За… ски. Закруски? Нет, длиннее, и что-то посередине… Закрусесски? Закрутевски…
Анна знает все ответы, но никак ее не найти… И ведьм с ведьмаком как ветром сдуло, спросить не у кого… Но даже если встретишь, спросишь, найдешь и опять спросишь – ответит?
Ни черта она не ответит!
Самому искать надо…
Лерман сочинил от имени Анны липовый запрос, объяснив пробелы в сведениях дырявой старческой памятью просительницы, оформил как надо, сопроводил убедительными просьбами от старшего куратора, от хранителя отдела герольдии и генеалогии – кто ж откажет смертельно больному коллеге в такой малости! – и по их каналам запрос ушел в Ленинград, ныне снова Санкт-Петербург…
Попутно Александр Ильич собирал всевозможную информацию о Дарлин Теннисон. Скудные сведения о прошлом этой дамочки никак не вязались с девочкой Татьяной из Ленинграда. Северная Ирландия. Подкидыш. Детский приют. Швейная мастерская в Белфасте, пожар, отбытие в неизвестном направлении… И полная пустота протяженностью более десяти лет…

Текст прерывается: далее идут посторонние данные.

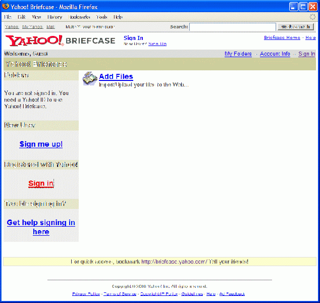A screenshot of the briefcase.yahoo.com ( http://briefcase.yahoo.com ) homepage taken at an unknown date/time.
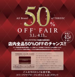 今年も皆様に店内全商品50%OFFのチャンスがあります。
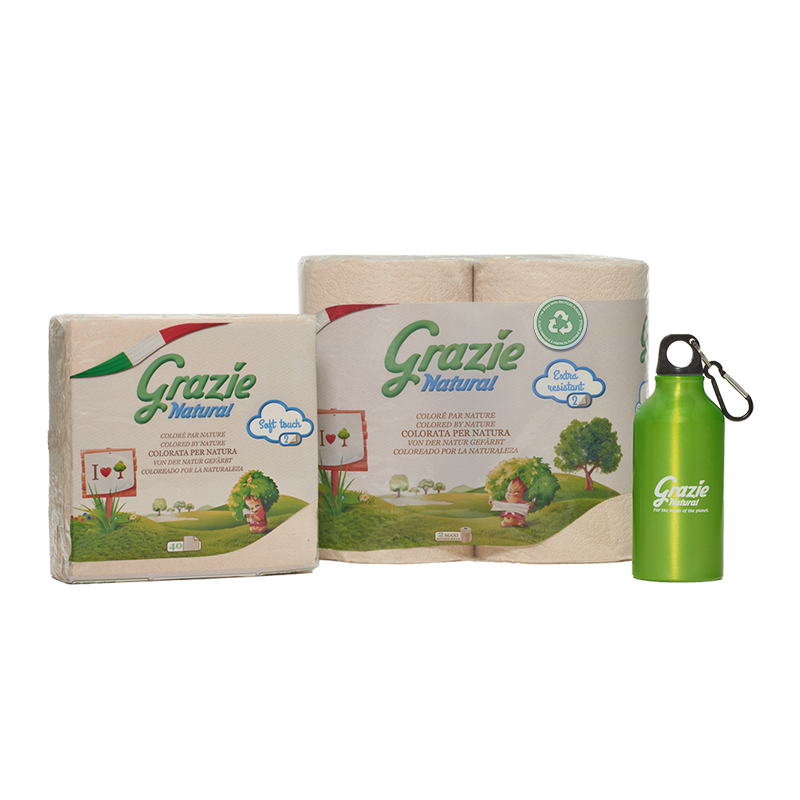 Un kit senza alberi aggiunti: per te 19 confezioni tra asciugatutto, tovaglioli ecologici e borraccia Grazie Natural in alluminio.
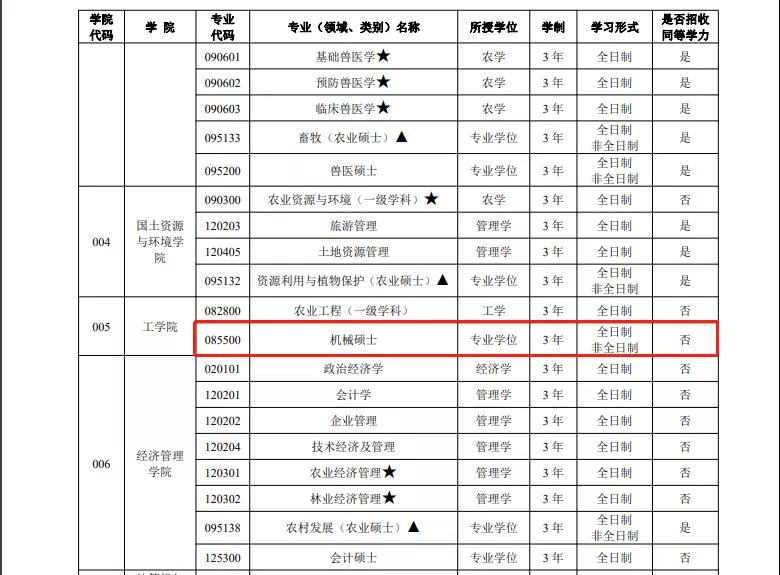 江西农业拼搏(中国)专业学位增加0855机械硕士专业招生;教育硕士(0451)招生人数减少。
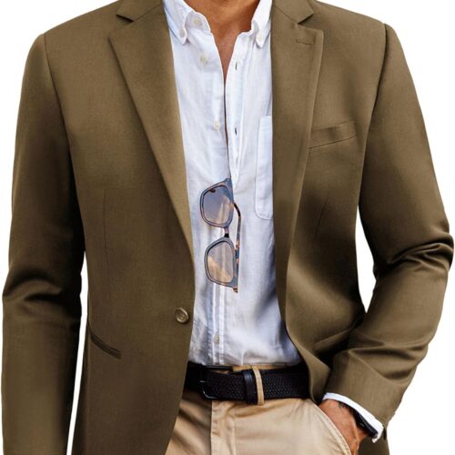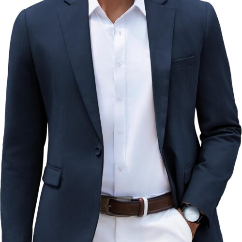 Mens Casual Blazer Slim Fit Sport Coats One Button Stylish Business Suit Jacket
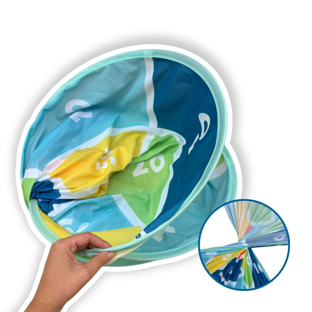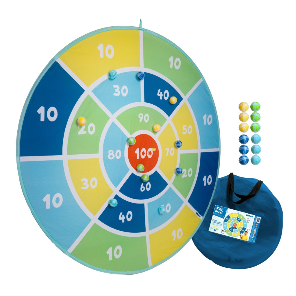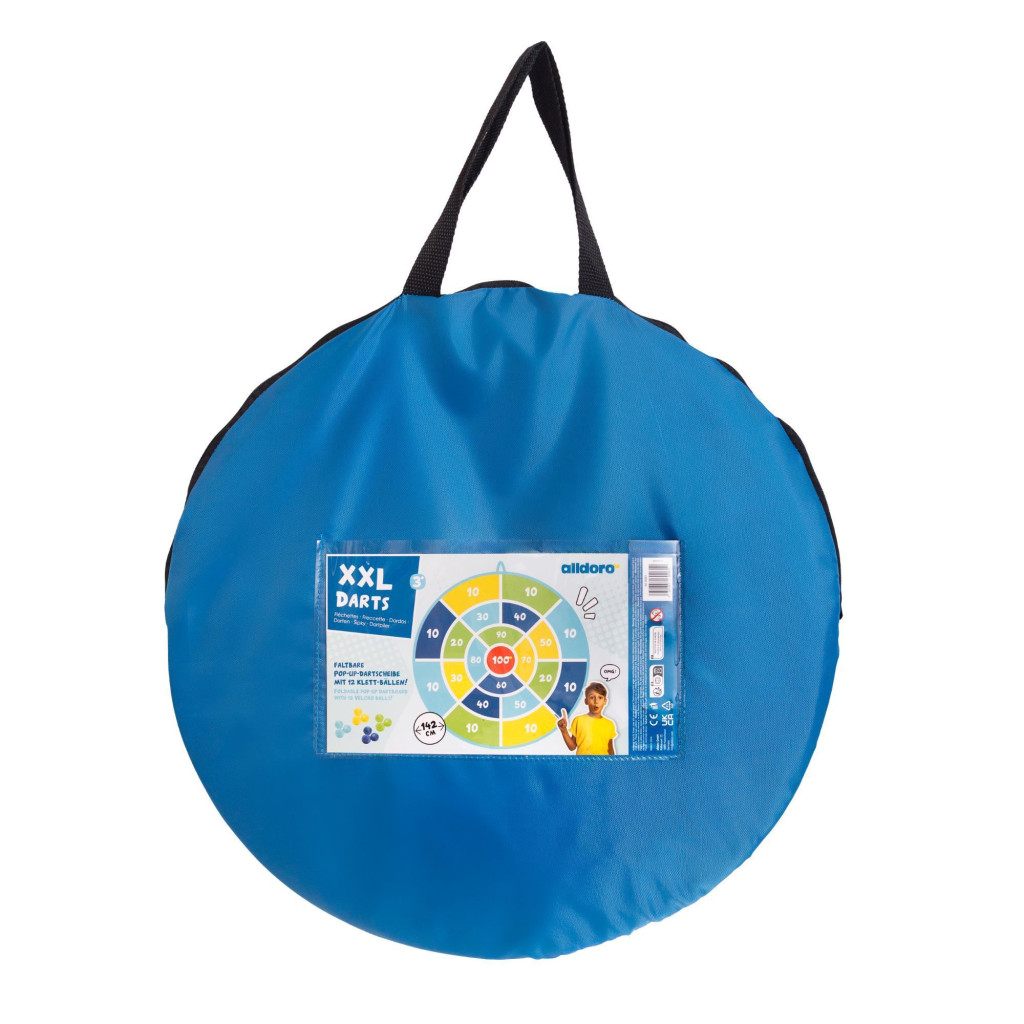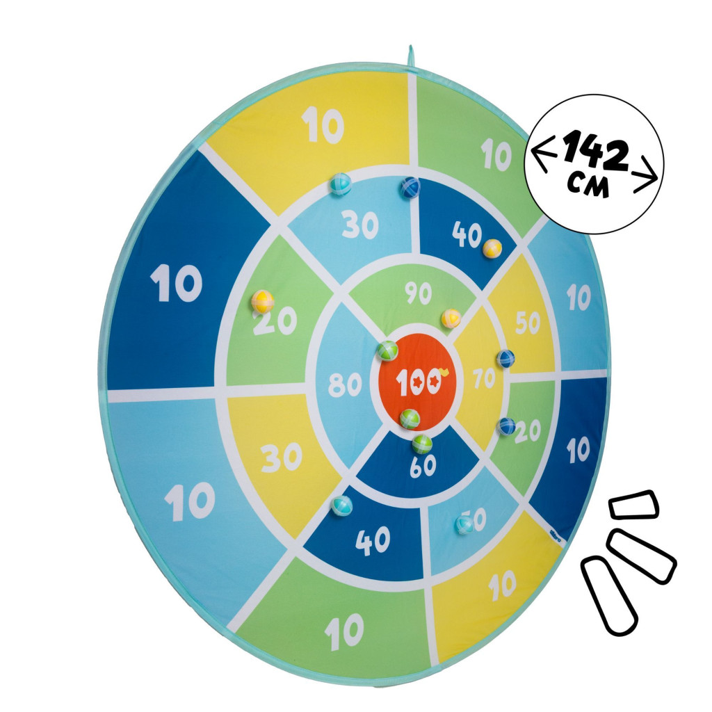 Obří skládací terč o průměru 142 cm a 12 míčků na suchý zip (každý o průměru 5 cm) s poutkem na zavěšení.
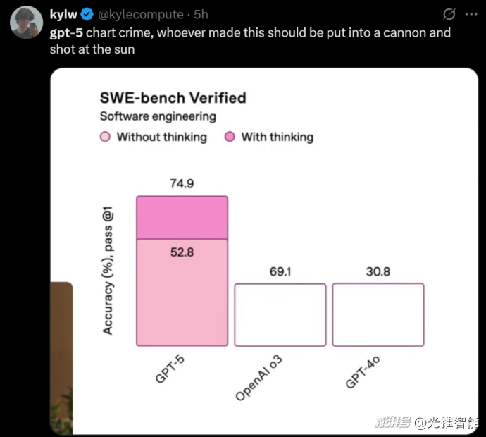 不過(guò),OpenAI的翻車變成了第一個(gè)出圈的討論。在發(fā)布會(huì)演示的現(xiàn)場(chǎng),OpenAI上來(lái)就犯了一個(gè)非常嚴(yán)重和低級(jí)的錯(cuò)誤:在現(xiàn)場(chǎng)展示的圖表中,數(shù)字大小和柱狀圖顯示的關(guān)系甚至都匹配不上,69.1和30.8的柱圖高度一模一樣,52.8甚至比69.1更大......

А потом стремительно и сразу – благотворительный бал в Чатсворте, конные прогулки с принцессой Анной, покровительство лорда Морвена, яхта Дарлин Теннисон побеждает в средиземноморской регате, беспрецедентный выигрыш на скачках в Эскоте, мисс Теннисон подтвердила участие своего фонда в международном проекте…
Хоть режьте, что-то тут не то, и поведение старой ведьмы тому свидетельство…
Александр Ильич слег с простудой, хоть и лечился по всем правилам, но ослабленная иммунная система выдала редчайшее осложнение – хронический пневмоцистит. Первое же обострение на три месяца свалило его на больничную койку. И уже в больнице по телу пошли первые зловещие язвы…
Бобби пришел прямо в палату. С цветами, конфетами – и с невысоким, коренастым, наголо стриженным молодым человеком, назвавшимся Джоном Дервишем.
И Бобби, его кудрявый Адонис, его Аполлон, тоже блестел бритым черепом!
Но это не портило его неземной красоты. А, может быть, даже подчеркивало ее.
– Джон – мой лучший друг, вообще самый лучший человек на Земле. Это он научил меня, куда и что писать, чтобы досрочно откинуться… И видишь, на два года раньше отстрелялся!
– Я рад… Я так рад тебя видеть… – пролепетал Александр, совсем ослабевший от болезни и волнения. – Как… как тебе жилось это время?
– Хреновато, конечно, как еще в тюряге может быть? И совсем бы хана пришла, если бы не Джон. Был бы я там, знаешь, золотой принцессой, общей женкой всех колдбатовских паханов. Только он меня сразу под себя принял и всем крутым об этом сказал. Он там был в авторитете, мой Джон Дервиш.
Лерман слабо улыбнулся. Он даже не ревновал. На то не было ни сил, ни желания…
– Мы вообще зачем пришли-то… – продолжал Бобби. – Ты все равно тут лежишь, а дом пустует… Может, пустишь нас, пока то да се? А мы бы тебе… садик в порядок привели.
Бобби склонил голову набок и лукаво улыбнулся. Улыбка у него была по-прежнему очаровательна.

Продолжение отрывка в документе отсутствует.